_Aim of the exercise:_
What is needed is an exact transcription of every entry below, with the pictures left out.

_Information shown:_

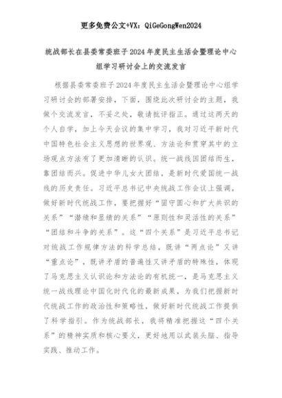 【七哥公文】2025年:统战部长在县委常委班子2024年度民主生活会暨理论中心组学习研讨会上的交流发言+更多免费公文+VX:QiGeGongWen2024+更多免费公文+VX:QiGeGongWen2024
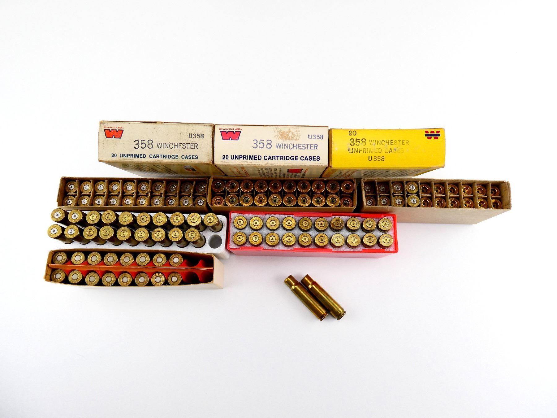 Lot 13011 PRIMED / NEW NON-PRIMED AND USED NON-PRIMED .358 WIN BRASS CASES LOT
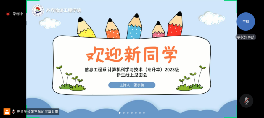 2023年8月11日,23级计科专升本新生在腾讯会议召开线上新生见面会,此次会议由党员学长张宇航主持。
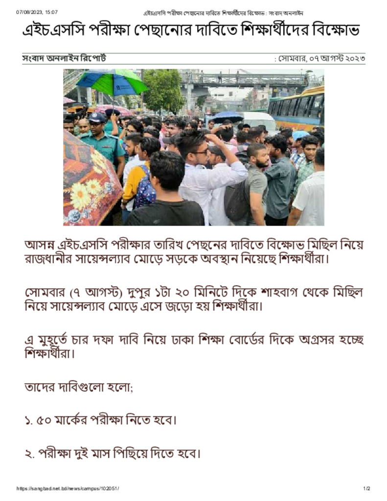 এইচএসসি পরীক্ষা পেছানোর দাবিতে শিক্ষার্থীদের বিক্ষোভ _ সংবাদ অনলাইন
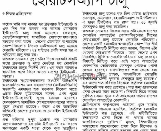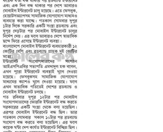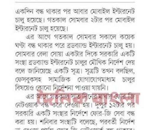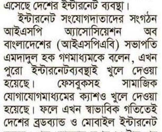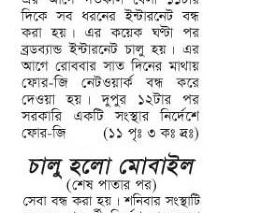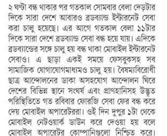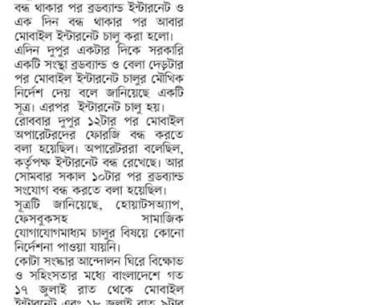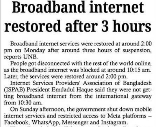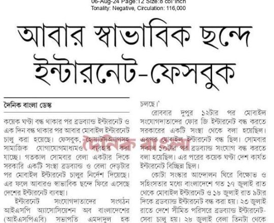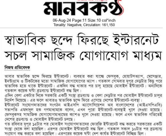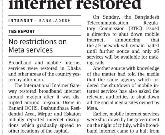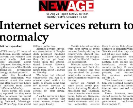 Business Standard, 6 August 2024, Broadband, mobile internet restored

_Task output:_
 【七哥公文】2025年:统战部长在县委常委班子2024年度民主生活会暨理论中心组学习研讨会上的交流发言+更多免费公文+VX:QiGeGongWen2024+更多免费公文+VX:QiGeGongWen2024
 Lot 13011 PRIMED / NEW NON-PRIMED AND USED NON-PRIMED .358 WIN BRASS CASES LOT
 2023年8月11日,23级计科专升本新生在腾讯会议召开线上新生见面会,此次会议由党员学长张宇航主持。
 এইচএসসি পরীক্ষা পেছানোর দাবিতে শিক্ষার্থীদের বিক্ষোভ _ সংবাদ অনলাইন
 Business Standard, 6 August 2024, Broadband, mobile internet restored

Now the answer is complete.